The way we exploit multiple seed studies for SDR is, we believe, similar to how Lee and Sun used multiple seed studies in their relevance feedback approach to SDR. We concatenate seed studies together such that the resulting representation can be used directly with the existing single-SDR framework. We acknowledge that there may be more sophisticated approaches to exploit multi-SDR. However, we leave this as future work as it is out of the scope for this reproducibility study.

When computing term weights for multi-SDR, we also encountered computational infeasibility for large groups of seed studies. To this end, we randomly under-sampled the number of irrelevant studies to 50 each time we compute $\varphi$ .

2.4.3 Comparing Single-SDR to Multi-SDR

Directly comparing the results of multi-SDR to single-SDR is not possible due to the leave-one-out cross-validation style of evaluation used for single-SDR. To address this, we apply an oracle to identify the most effective single-SDR run out of all the seed studies used for a given multi-SDR run in terms of MAP. We then remove the other seed studies used in the multi-SDR run from the oracle-selected single-SDR run so that both runs share the same number of candidate studies for ranking.

3 Experimental Setup

3.1 Datasets

When the original SDR paper was published, only a single collection with results of baseline method implementations was available. We intend to assess the generalisability of their SDR method on several new collections which have been released since. The collections we consider are:

CLEF TAR 2017 [9]: This is the original dataset that was used to study SDR. We include this dataset to confirm that we achieve the same or similar results as the original paper. This collection includes 50 systematic review topics on diagnostic test accuracy – a type of systematic review that is challenging to create. The 50 topics are split into 20 training topics and 30 testing topics. In our evaluation, we removed topics CD010653, CD010771, CD010386, CD012019, CD011549 as they contained only a single or no relevant studies to use as seed studies. For our experiments using multiple seed studies, we further removed topics CD010860, CD010775, CD010896, CD008643, CD011548, CD010438, CD010633, CD008686 due to low numbers of relevant studies.
CLEF TAR 2018 [11]: This collection adds 30 diagnostic test accuracy systematic reviews as topics to the existing 2017 collection; however, it also removes eight because they are not ‘reliable for training or testing purposes. In total, this collection contains 72 topics. Our evaluation only used 30 additional reviews of the 2018 dataset and removed topics CD012216, CD009263, CD011515, CD011602, and CD010680 as they contained only a single or no relevant studies to use as seed studies. We also removed topic CD009263 because we ran into memory issues when running experiments on this topic due to many candidate documents (approx. 80,000). For our experiments using multiple seed studies, we removed topics CD012083, CD012009, CD010864, CD011686, CD011420 due to low numbers of relevant studies.
CLEF TAR 2019 [10]: This collection further develops on the previous years’ by also including systematic reviews of different types. From this collection, we use the 38 systematic reviews of interventions (i.e., a different type of diagnostic test accuracy).²²2Although the overview paper claims there are 40 interventions topics, there are two topics that appear in both training and testing splits. However, like the previous datasets, we ignore these splits and combine the training and testing splits. We use this collection to study the generalisability of SDR on other kinds of systematic reviews. In our evaluation, we removed topics CD010019, CD012342, CD011140, CD012120, CD012521 as they contained only a single or no relevant studies to use as seed studies.

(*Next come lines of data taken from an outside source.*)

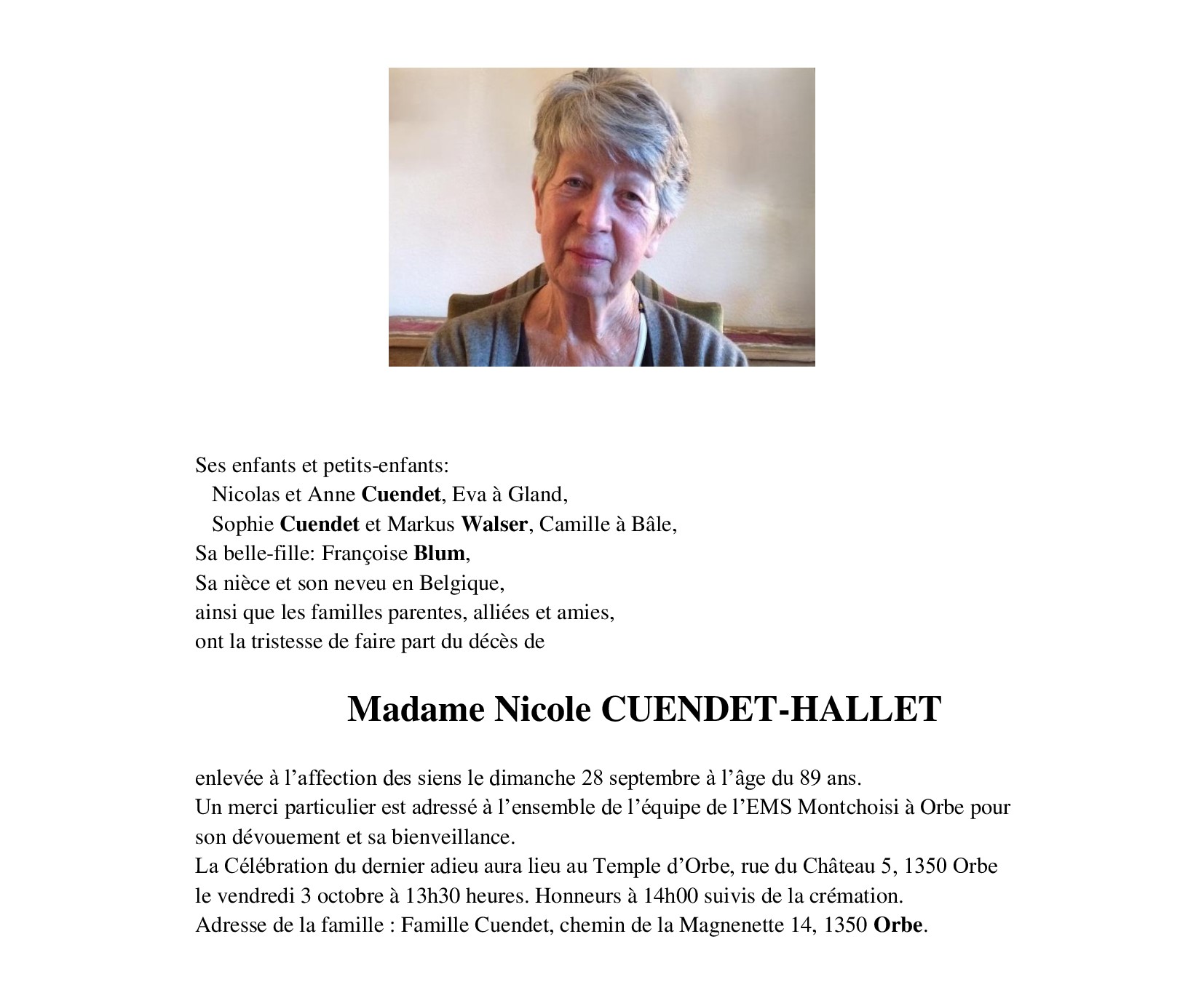 Madame Nicole CUENDET
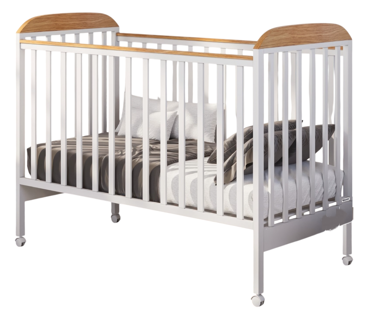 המעקה בצד המיטה (צד אחד) ניתן להעלאה ולהורדה ע"מ לאפשר גישה נוחה לתינוק
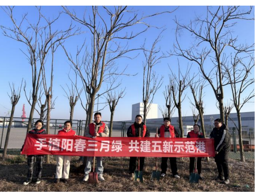 盐城港射阳港区开展以“手植阳春三月绿,共建五新示范港”为主题的义务植树活动,组织团员青年志愿者对港区现有绿植绿化进行补种。草木蔓发,春山可望。此次义务植树活动是射阳港区深入践行绿色发展理念、建设“绿色港”的生动体现。今后,射阳港区将以习近平生态文明思想为指导,围绕集团“五新示范港”建设要求,久久为功,在绿色低碳发展新赛道上展现青年力量。
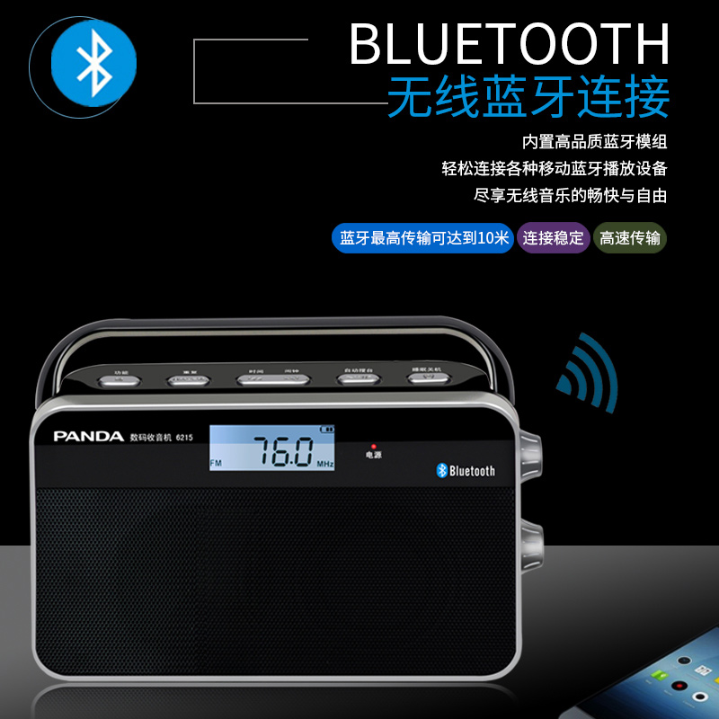 Panda 6215 semiconductor radio speaker integrated new fm elderly fm portable Bluetooth Rechargeable card radio player timing switch machine elderly listening machine
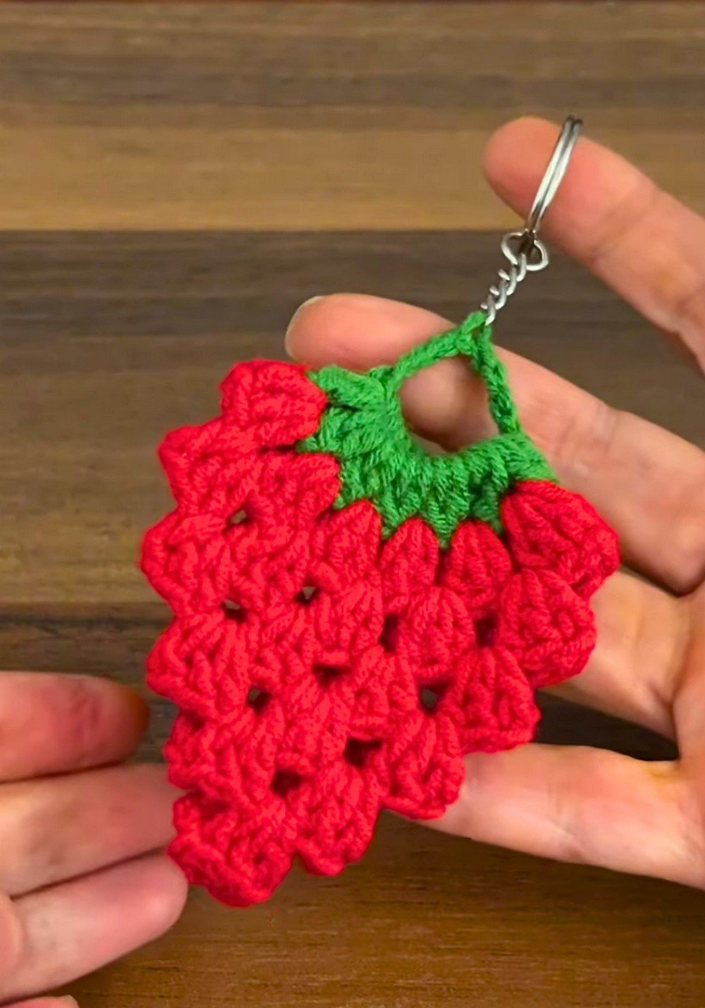 Attaching the hardware is the final construction step in the Strawberry Keychain Crochet – Pattern. You can use a small scrap of green yarn to create a loop, or attach the metal jump ring directly through the crochet fabric. Ensure that you go through multiple strands of yarn so the weight of the keys doesn’t tear the crochet work over time. Strength is just as important as aesthetics here.
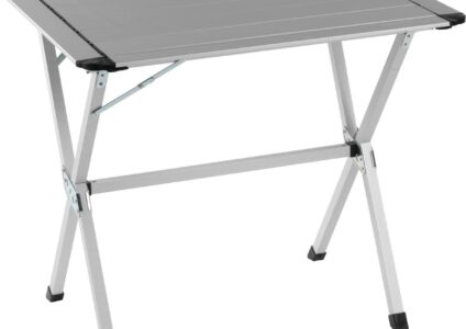 Leichtgewicht Alu Camping-Tisch mit rollbarer Tischplatte aus Alu Paneelen und höhenverstellbaren Tischbeinen. leichte Montage und kleines Packmaß mit verstellbarem Bein durchgehender Tischplatte Technische Daten: Material: Aluminium Maße: 80x60cm Gewicht: 4,5 kg Maximale Belastung: 30 kg Höhe: 70 cm Lieferumfang: 1 Rolltisch inkl. Aufbewahrungstasche
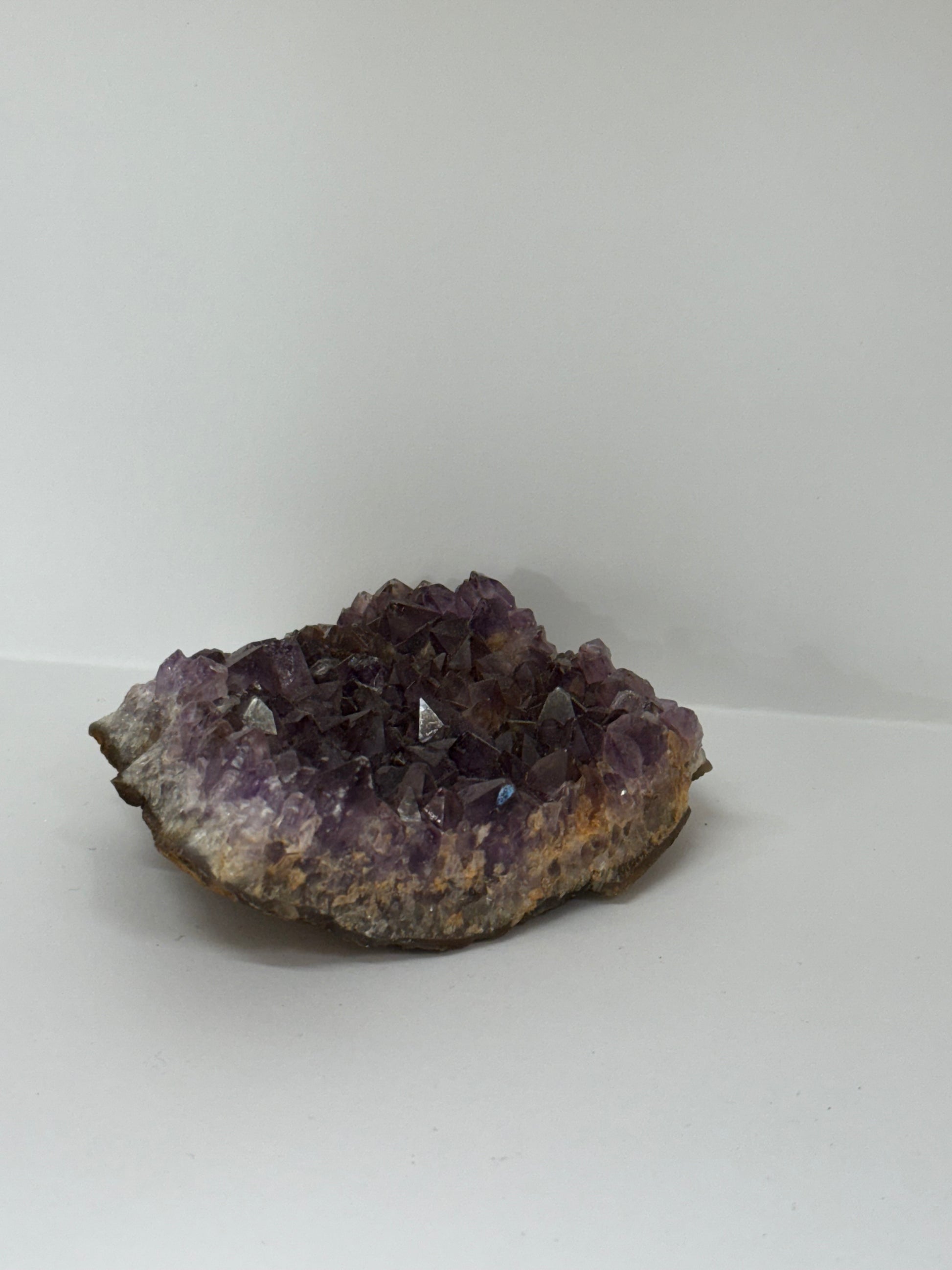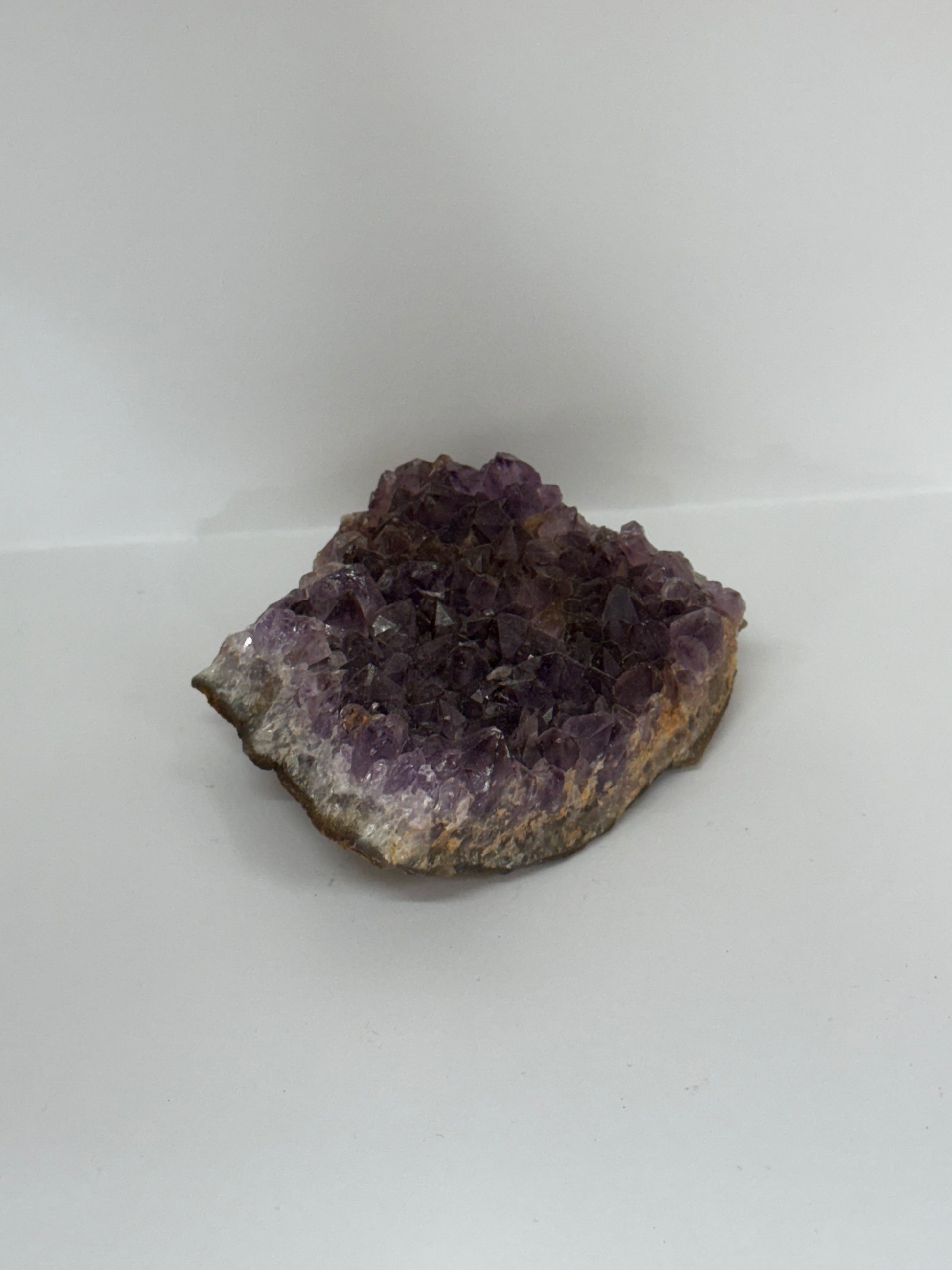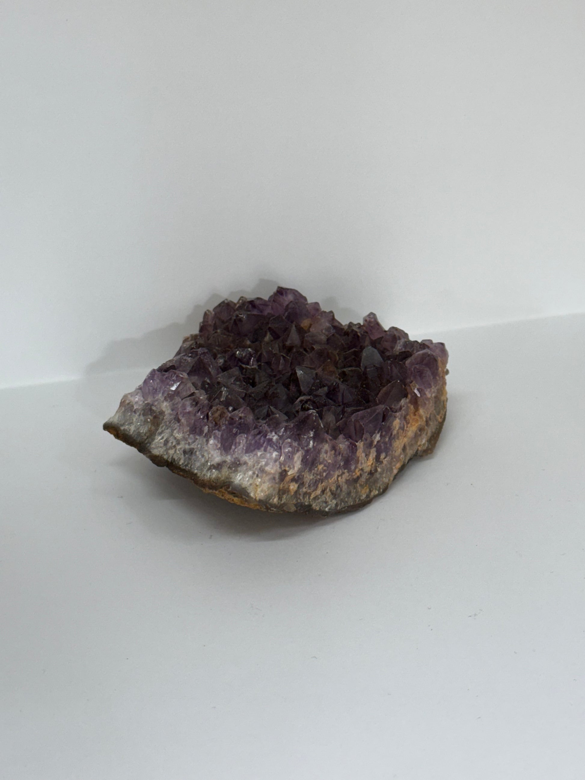 Cette améthyste brute se distingue par ses cristaux violets naturels formés en géode, avec une base rocheuse qui met en valeur la pureté de ses pointes scintillantes. Chaque pièce est unique et apportera une touche minérale authentique à votre intérieur ou à votre pratique énergétique.
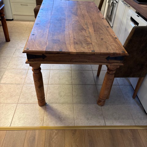 Erittäin tukevaa massiivi acaziaa näyttävillä takorauta koristeilla.
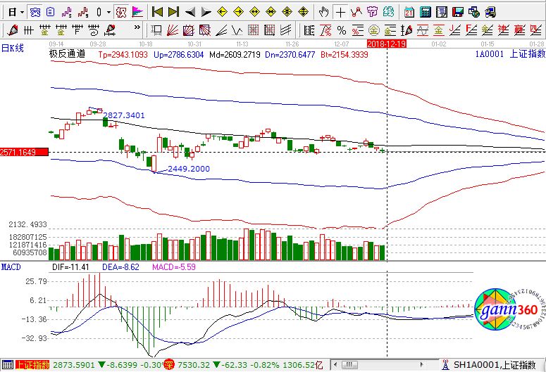 滬指跌0.82%,報(bào)收2576點(diǎn);深成指跌0.82%,報(bào)收7530點(diǎn);創(chuàng)業(yè)板跌0.45%,報(bào)收1293點(diǎn)。盤面上看,黃金、ST板塊、軍工、電力等板塊漲幅居前;裝配式建筑、高送轉(zhuǎn)、雄安、深圳國(guó)資改革、水泥等板塊跌幅居前。滬股通凈流出15.3億,深股通凈流出12.5億。相應(yīng)的極反通道指標(biāo)的支撐壓力提示,如下圖所示:
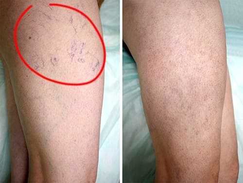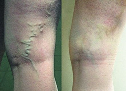 Las venas se han recuperado por completo. Período de tratamiento: 2 semanas.
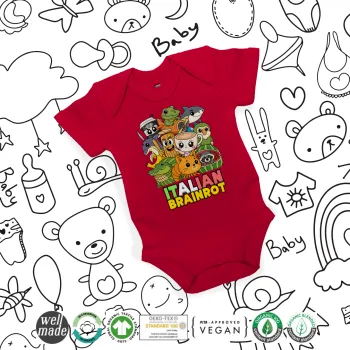 Italian Brainrot friends, Βρεφικό φορμάκι μωρού, ΚΟΚΚΙΝΟ, 100% Organic Cotton, κοντομάνικο
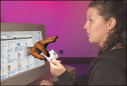 موظف مايكروسوفت ساتيندرا ناينوال يجرب لعبة سباق مكبرة بمناسبة انعقاد القمة السنوية الثامنة لكلية مايكروسوفت البحثية، وهي لعبة مبنية على فكرة ابتكرها ستيفن فينر، المحاضر بجامعة كولومبيا بالاشتراك مع طلابه.
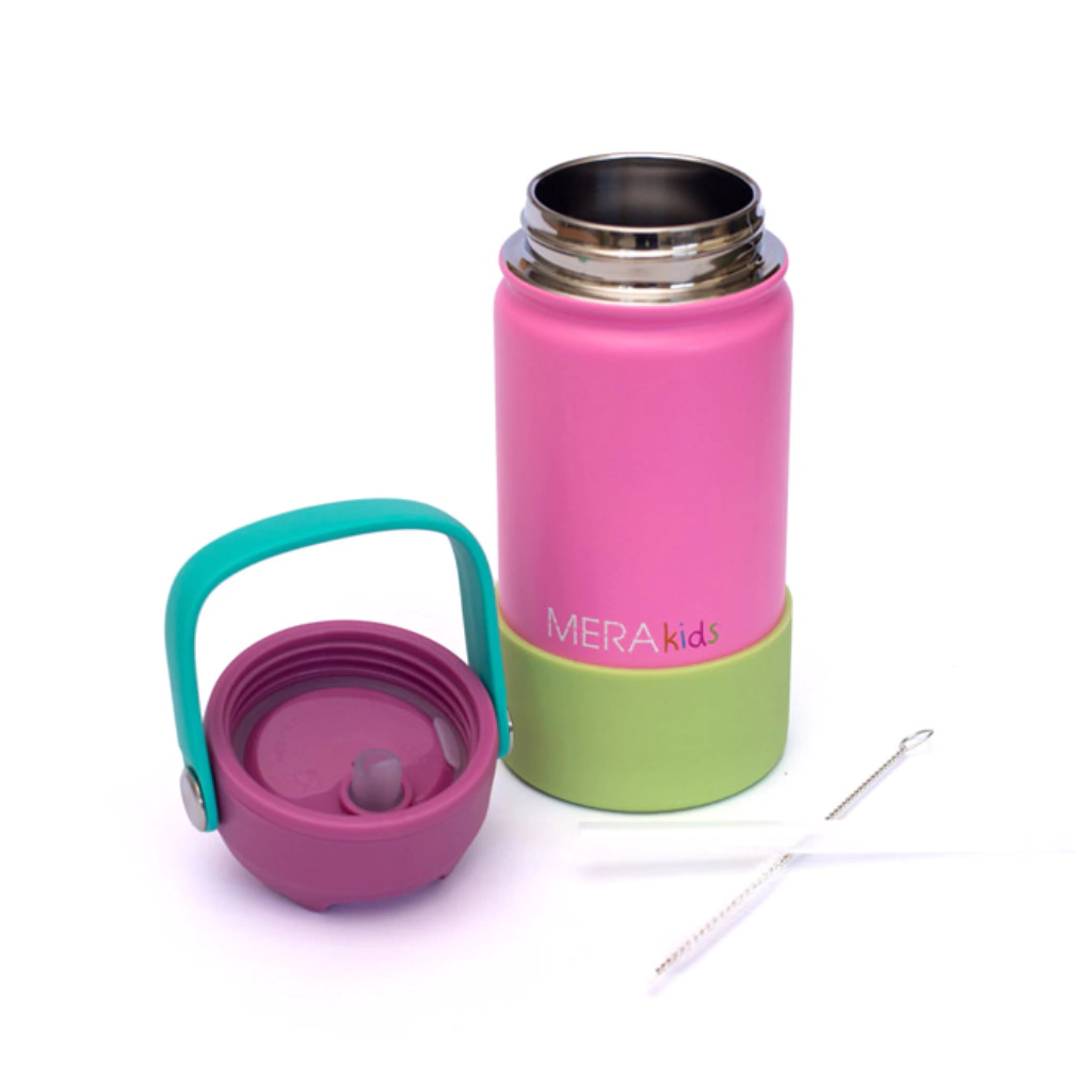 Botella MERAkids con capacidad de 420 ml, doble capa de acero inoxidable que la hace térmica y resistente. Hasta 18 horas fría y 6 horas caliente.

For our experiments using multiple seed studies, we further removed topics CD011380, CD012521, CD009069, CD012164, CD007868, CD005253, CD012455 due to low numbers of relevant studies.

3.2 Baselines

The baselines in the original paper included the best performing method from the CLEF TAR 2017 participants, several seed-study-based methods, and variations of the scoring function used by SDR. For our experiments, we compare our reproduction of SDR to all of the original baselines that we have also reproduced from the original paper.The baselines in the original paper include: BM25-{BOW,BOC}, QLM-{BOW,BOC}, SDR-{BOW,BOC}, and AES-{BOW,BOC}. The last method, AES, is an embedding-based method that averages the embeddings for all terms in the seed studies. The AES method uses pre-trained word2vec embeddings using PubMed and Wikipedia (as specified in the original paper). We also include a variation that uses only PubMed embeddings (AES-P). Finally, we also include the linear interpolation between SDR and AES, using the same parameter as the original paper ( $\alpha=0.3$ ). We use the same versions of the pre-trained embeddings as the original paper.

3.3 Evaluation Measures

For comparison to the original paper, we use the same evaluation measures. These include MAP, precision@k, recall@k, LastRel%, and Work Saved over Sampling (WSS). LastRel is a measure introduced at CLEF TAR’17 [9]. It is calculated as the rank position of the last relevant document. LastRel% is the normalised percentage of studies that must be screened in order to obtain all relevant studies. Work Saved Over Sampling; a measure initially proposed to measure classification effectiveness [7], is calculated instead here, by computing the fraction of studies that can be removed from screening to obtain all relevant documents; i.e., $\text{WSS}=\frac{|C|-\text{LastRel}}{|C|}$ . Where $C$ is the number of studies originally retrieved (i.e., the candidate set for re-ranking). For precision@k and recall@k, we report much deeper levels of $k$ : the original paper reported $k=\{10,20,30\}$ ; where we report $k=\{10,100,1000\}$ . Furthermore, we also report nDCG at these k-values, as it provides additional information about relevant study rank positions. We compute LastRel% and WSS using the scripts used in CLEF TAR 2017. For all other evaluation measures we use trec_eval (version 9.0.7).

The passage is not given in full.